El secretario de Justicia de Estados Unidos, Alberto Gonzales, ha renunciado a su cargo, dijo el lunes un funcionario estadounidense, en un anuncio que puso fin a una polémica gestión que afectó al Gobierno del presidente George W. Bush.

El funcionario confirmó un reporte sobre la renuncia publicado en la página en internet del diario New York Times.

Gonzales, de 51 años, se encontraba en medio de un escándalo desatado por el despido de fiscales federales el año pasado, que según opositores en el Congreso estadounidense tenían motivaciones políticas.

El funcionario afirmó al New York Times que Gonzales informó el viernes a Bush durante una conversación telefónica sobre su decisión de renunciar. Agregó que el cargo no permanecería sin ser ocupado por demasiado tiempo.

Gonzales trabajó para Bush cuando este era gobernador del estado de Texas en la década de 1990. Se desempeñó como abogado de la Casa Blanca durante el primer período presidencial de Bush antes de convertirse en el primer fiscal general perteneciente a la comunidad latina en febrero de 1995.

Funcionarios públicos retirados y en servicio han señalado que la integridad del Departamento de Justicia fue perjudicada bajo la gestión de Gonzales, debido a la controversia por el despido de los fiscales, su apoyo al programa de espionaje doméstico de Bush y otros tópicos delicados.

Aseveraron que como resultado la moral de los empleados había sido dañada y que las relaciones de Gonzales con el Congreso de Estados Unidos, controlado por los demócratas, se había deteriorado tras la tormenta de críticas de legisladores, incluyendo a algunos republicanos.

Varios senadores han señalado que perdieron la confianza en Gonzales y en su capacidad para encabezar el Departamento de Justicia.

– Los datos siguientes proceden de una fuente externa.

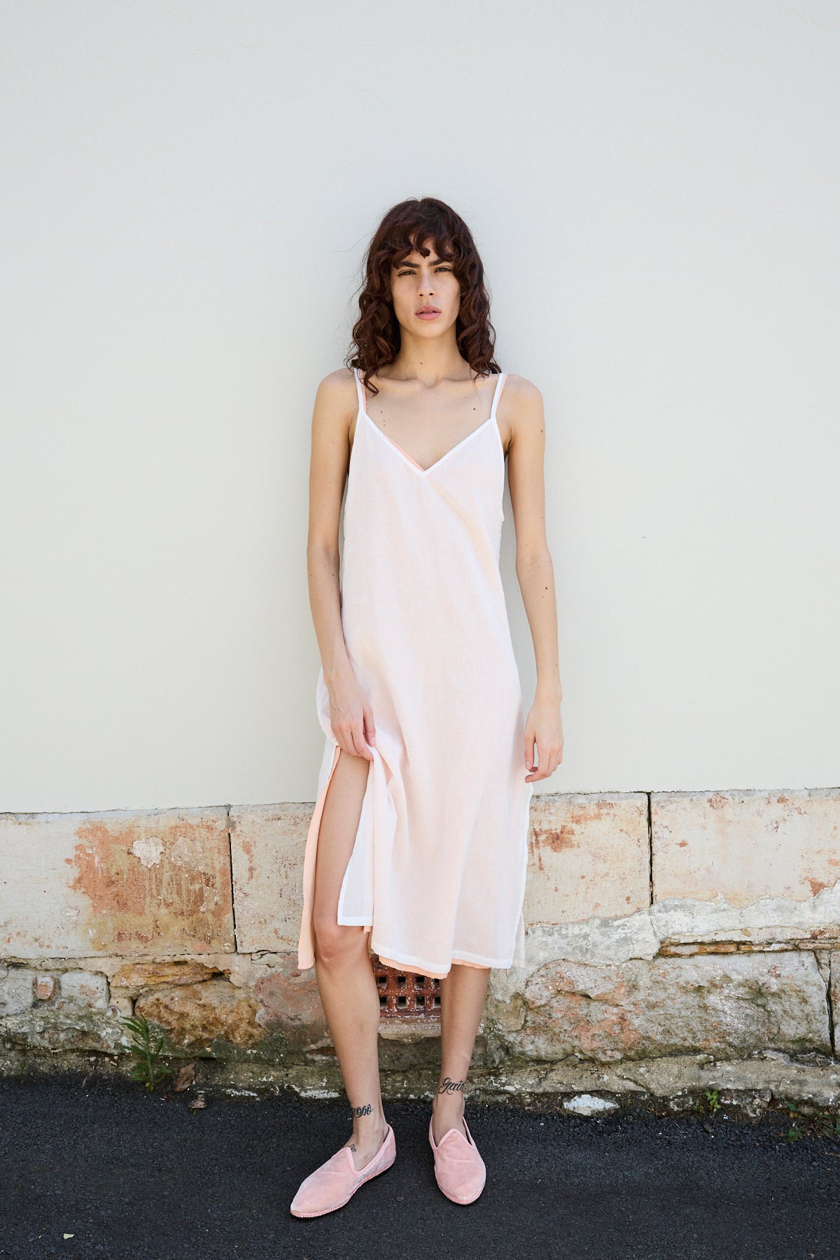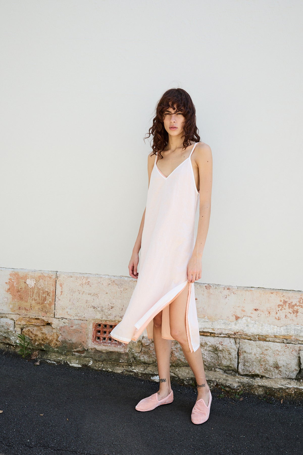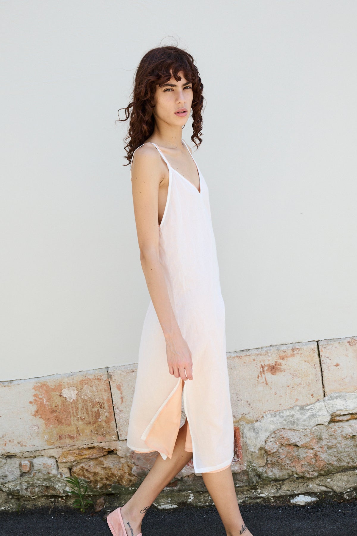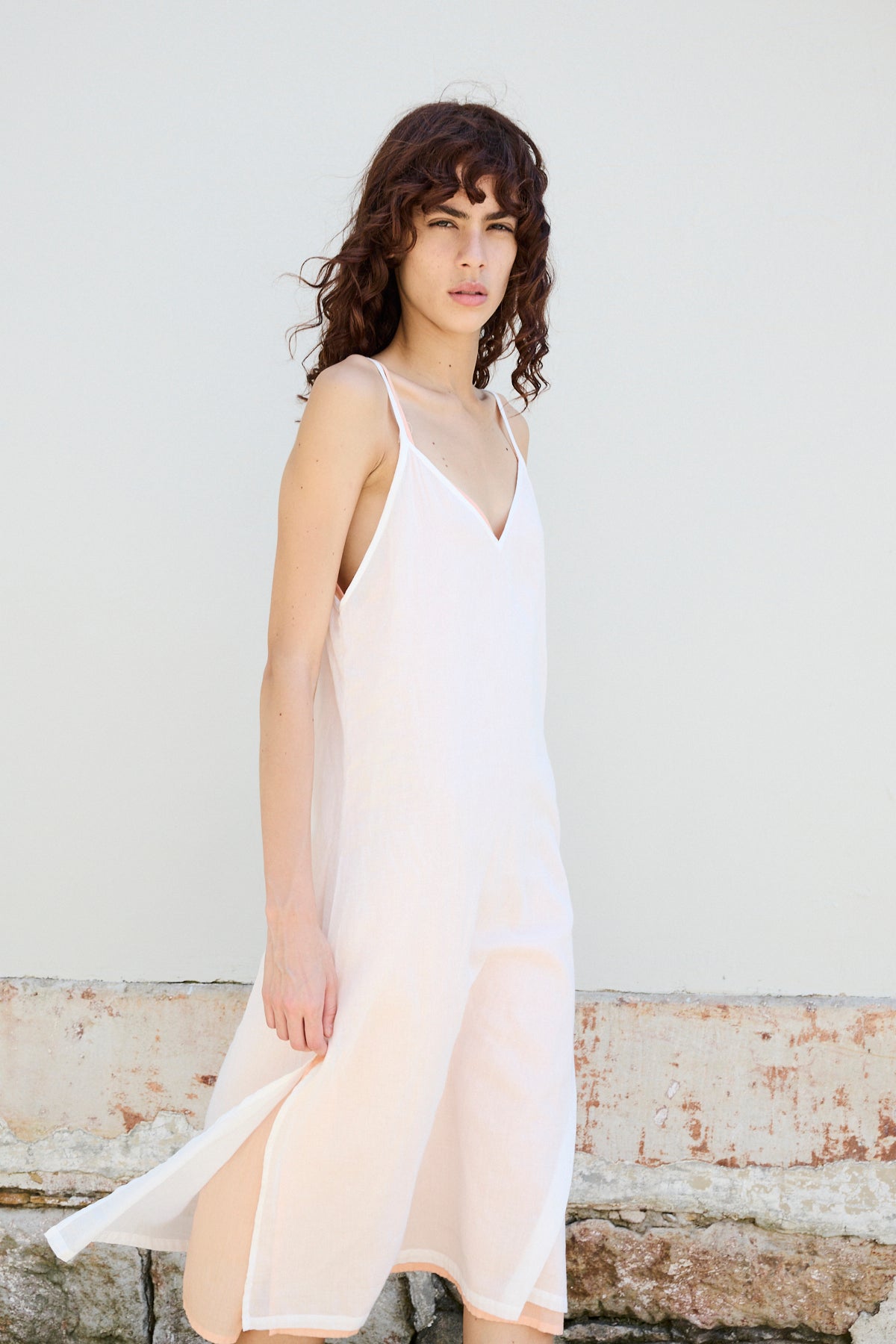 A cotton slip with adjustable straps, front V neck. A straight cut with side slits.

Pese a que reconoció errores en el manejo de los despidos, Gonzales ha negado que estos tuvieran motivos políticos para influenciar indagaciones federales que implicaban a legisladores demócratas o republicanos.

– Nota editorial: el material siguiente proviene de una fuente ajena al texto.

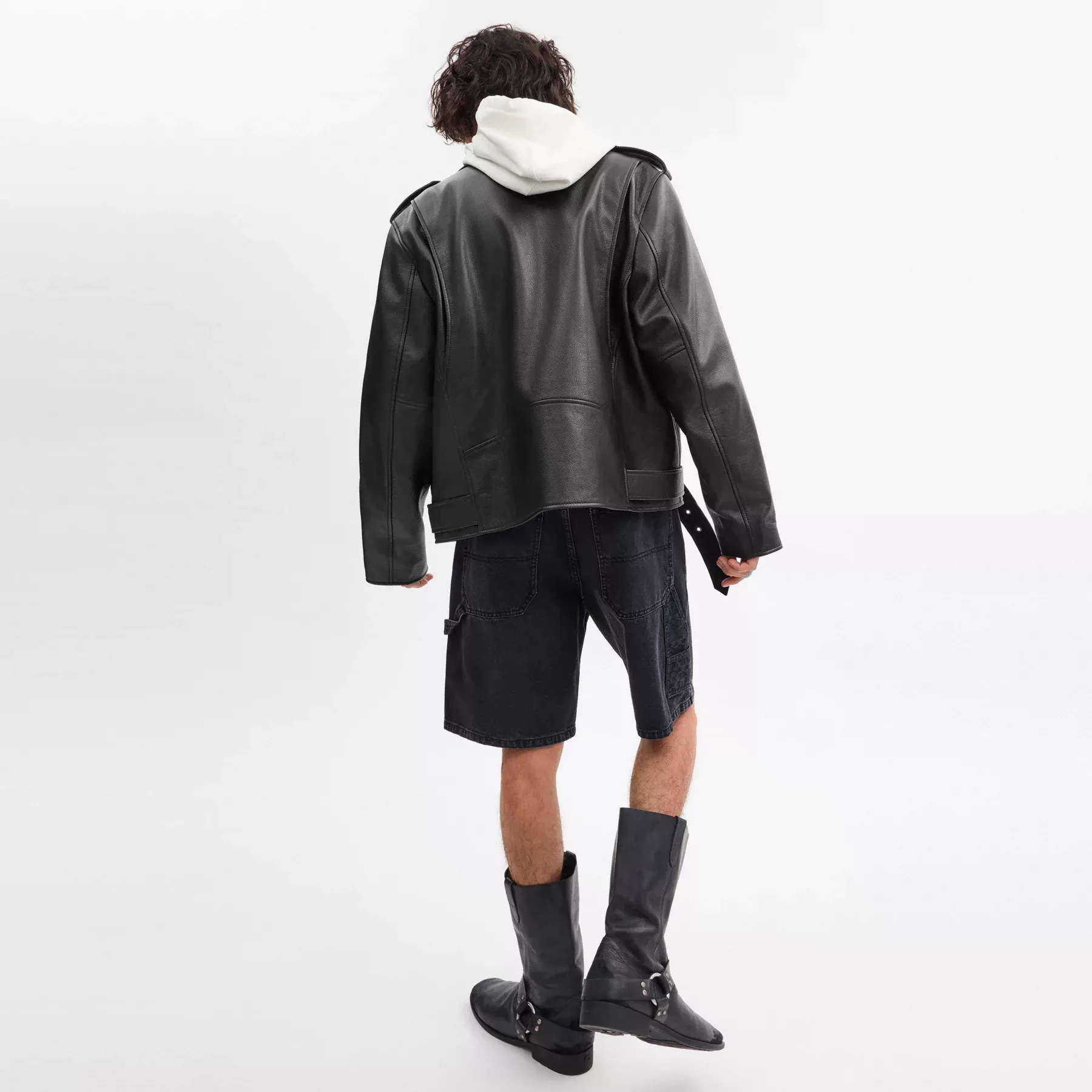 ,Rev up your wardrobe with our soft leather moto jacket, an iconic Coach style inspired by the freedom of the open road. Finished with our Signature lining, this biker-inspired style features a timeless pointed collar with signature snaps, a zip closure, a mix of zip and snap pockets and an adjustable buckle at the hem.

Bush defendió a Gonzales y sostuvo que su nombramiento fue un logro para la comunidad latina, que conforma la minoría más importante en la población de Estados Unidos.

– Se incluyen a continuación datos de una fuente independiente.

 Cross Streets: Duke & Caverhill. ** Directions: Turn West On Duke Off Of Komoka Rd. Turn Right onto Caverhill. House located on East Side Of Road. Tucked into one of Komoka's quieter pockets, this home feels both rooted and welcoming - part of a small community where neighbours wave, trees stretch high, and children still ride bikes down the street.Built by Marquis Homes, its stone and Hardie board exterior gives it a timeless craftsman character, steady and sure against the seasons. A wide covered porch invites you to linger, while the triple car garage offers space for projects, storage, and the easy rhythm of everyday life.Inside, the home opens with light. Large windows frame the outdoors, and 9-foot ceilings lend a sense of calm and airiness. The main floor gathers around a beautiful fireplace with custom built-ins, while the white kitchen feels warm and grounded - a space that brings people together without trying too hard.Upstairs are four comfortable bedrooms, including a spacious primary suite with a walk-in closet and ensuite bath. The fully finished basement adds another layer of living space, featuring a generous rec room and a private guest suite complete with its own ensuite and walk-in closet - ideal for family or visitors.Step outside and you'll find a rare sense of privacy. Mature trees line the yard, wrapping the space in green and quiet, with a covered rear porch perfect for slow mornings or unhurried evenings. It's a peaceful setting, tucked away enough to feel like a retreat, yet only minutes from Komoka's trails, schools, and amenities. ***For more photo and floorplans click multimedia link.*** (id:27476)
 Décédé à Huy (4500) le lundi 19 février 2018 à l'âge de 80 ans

«No he escuchado al Congreso decir que él ha hecho todo mal,» dijo Bush en una reciente rueda de prensa. «De hecho, creo que estamos observando (…) un ejercicio político,» agregó.

Gonzales fue criticado por grupos que defienden las libertades civiles cuando en enero del 2002 escribió un reporte señalando que partes de la Convención de Ginebra sobre el trato a prisioneros de guerra eran «obsoletas» y que algunas precauciones eran «curiosas.»

También recibió críticas por su defensa del programa de espionaje doméstico de Bush, adoptado luego de los ataques del 11 de septiembre. Solo en enero, en un abrupto cambio de opinión, Gonzales declaró que el programa finalmente debería ser evaluado y aprobado por una corte.